The CRO auditor agents will crawl both sites in parallel. Once they’re finished they provide an overview and proposed tests. You need to confirm you want to proceed before it goes ahead and creates the deck. This is intentional because the agent isn’t perfect. The crawler makes mistakes on client-side rendered features like BNPL widgets or color swatches on product cards. I added some friction here so I could verify manually.

Pasted image 20260406125128.png

Once you give it the go-ahead it’s pretty straightforward from there. Template is duplicated, Python script generates Slides API batch requests, and screenshot agents run in parallel to capture competitor UI elements.

The good, the bad, and the ugly

Good

Overall look and feel of the deck is customer ready. Color-coded slides, brand logos, competitor screenshots, structured hypotheses.
Parallel agents work as intended. Both the CRO site crawl and screenshot subagents work simultaneously.
Template duplication. The Google Slides API has a 133-request-per-batch
limit. My first approach needed ~700 requests to build a deck from scratch. Switching to duplicateObject (copying from a pre-styled template) brought it down to ~160 across 4 batches.

Bad

It takes ~30 minutes end-to-end for 10 experiments. Yes, there’s benefits to being able to run this agent in parallel, but overall this is too slow.
Screenshot quality is inconsistent. There are scenarios where the image that it embeds does not fully capture the relevant feature/experience the experiment recommends.
It’s somewhat expensive to run. It was tough to get an exact cost because I was not running this via API. But likely that it costs between $6-$7 per run.

Ugly

The accuracy of the experiments and findings is simply not high enough. In testing, I’ve seen as many as 60% of the gaps the agent identifies being incorrect. For example, it recommends implementing a BNPL banner but when you visit the site the target brand is already doing this. This is why the skill pauses for review before building the deck.
Over-reliant on browser use. This is a brittle approach, with issues like Cloudflare blocking, geo-targeting popups, lazy-loaded content the crawler never sees. The list goes on.

What would I change?

Narrow the CRO agent scope to a single surface (e.g. PDP or Cart) in order to iterate and improve on accuracy. Being able to trust the gaps identified by the agent is the single most important part of this skill.
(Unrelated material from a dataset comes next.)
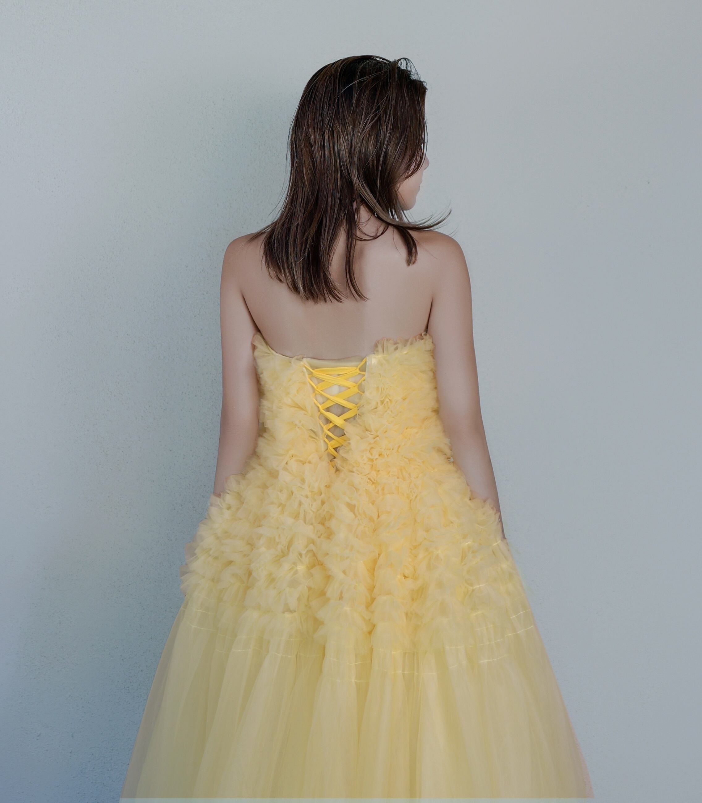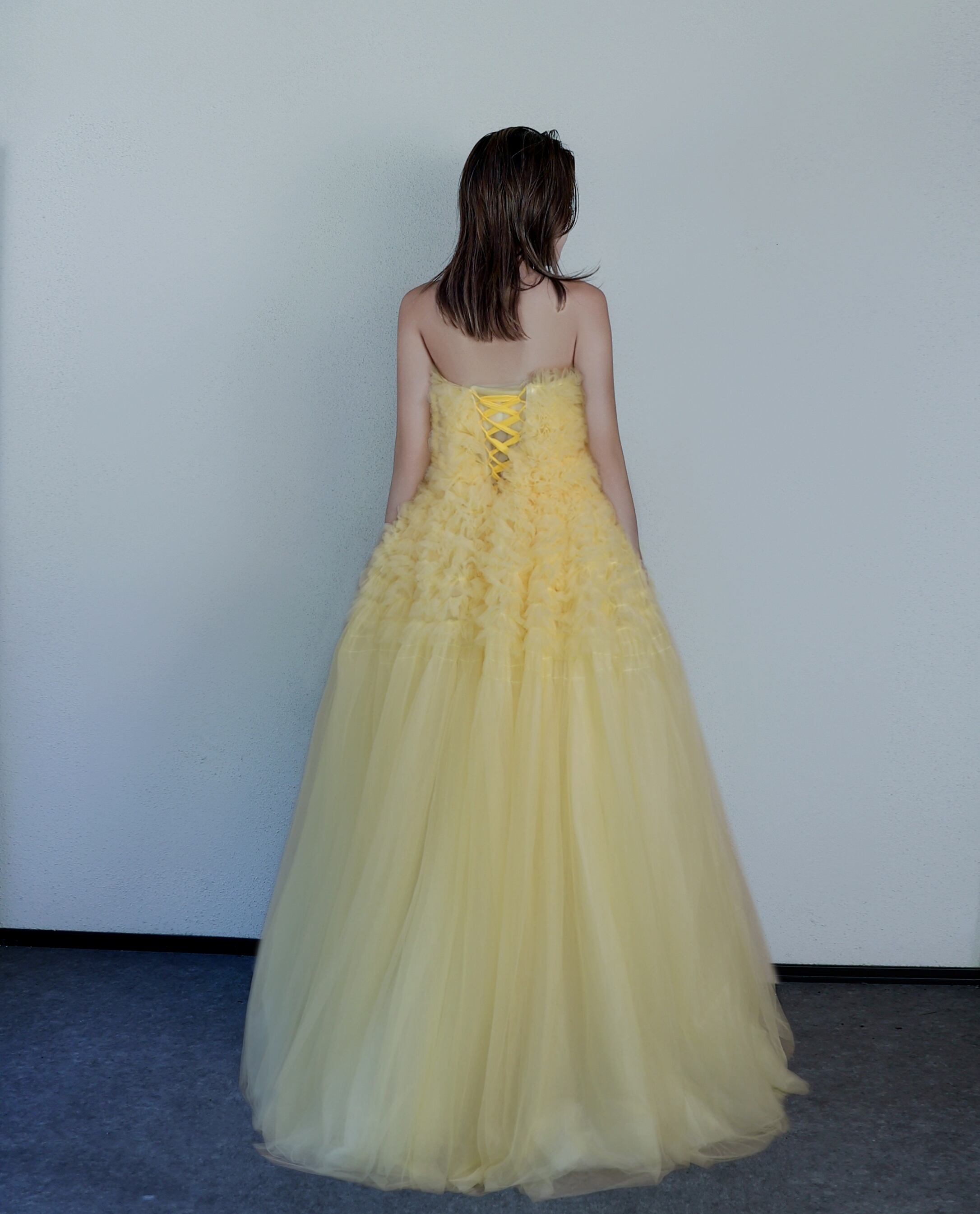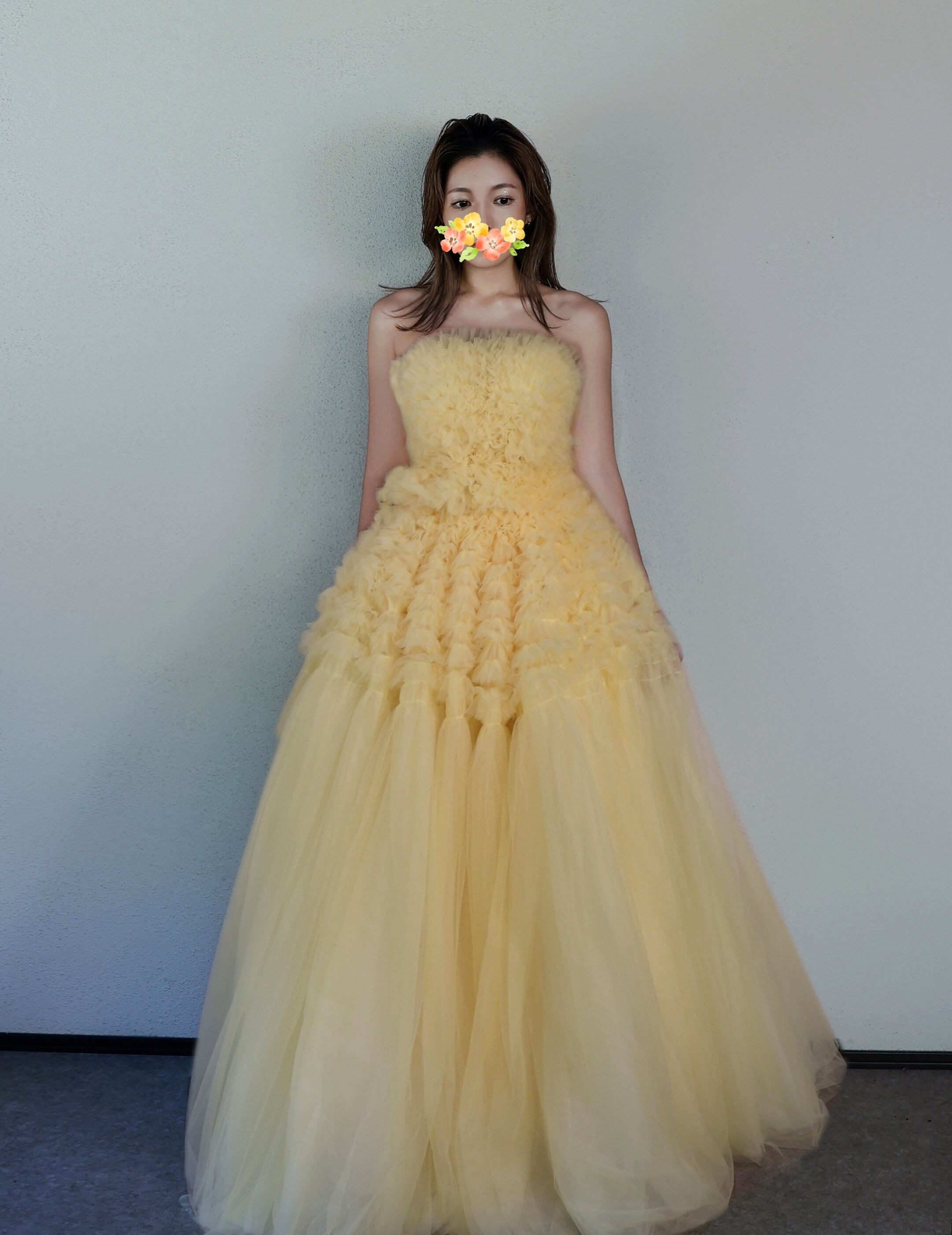 カラードレス イエロー デザイン感 ベアトップ もこもこドレス 床付く 編み上げ 披露宴/結婚式

It’s what would take this from an MVP and move it closer to a working product.

I suspect that I could create a checklist of elements per surface for the agent to detect (e.g. for PDP look for BNPL banner, trust icons, etc). Theoretically, this would give me more flexibility in how I prompt the subagent, and what tools I give it access to.
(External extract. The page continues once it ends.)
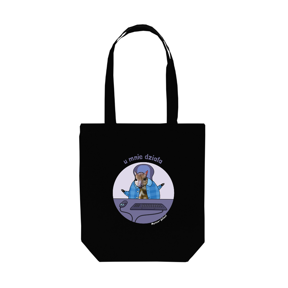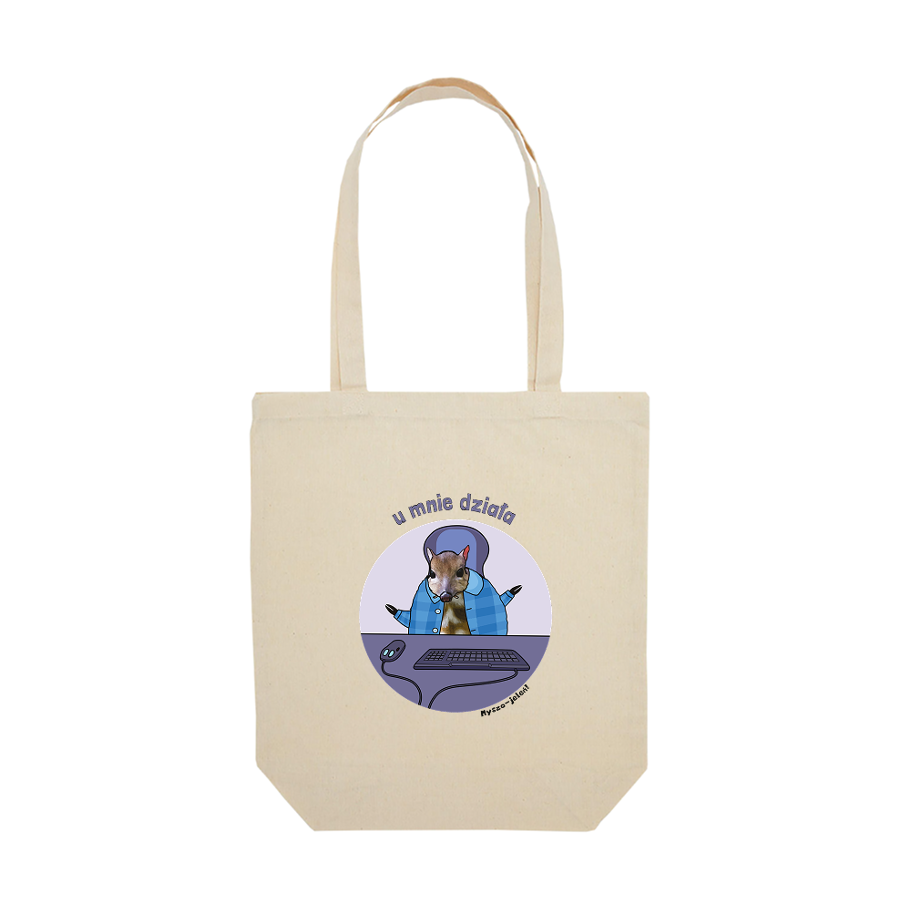Eko torba na zakupy Myszojeleń INFORMATYK, czyli idealny produkt, którym zastąpisz reklamówkę z biedry robiąc zakupy, ale też z powodzeniem zastąpisz nią torebkę albo schowasz w niej ważne dokumenty. A jak będzie akurat pusta, a Ty będziesz czekać na tramwaj jesienią na zimnym przystanku, to możesz sobie na niej usiąść i będzie miękko. No sto zastosowań, albo wiecej!

This is hard though, because websites are constantly changing. So right now I’m constrained by my ability to review the experiments manually prior to the deck being created. My best guess in terms of solving this is what’s outlined in this video. Essentially you create a snapshot of the website at the point in time where the audit runs, and use that as the ground truth for evaluation. The snapshot approach solves the “website is always changing” problem because you’re not re-crawling live sites every time you iterate, you’re running against a frozen state you’ve already verified by hand.

I’ve still got so much to learn in order to get to this point, but something to strive for no doubt.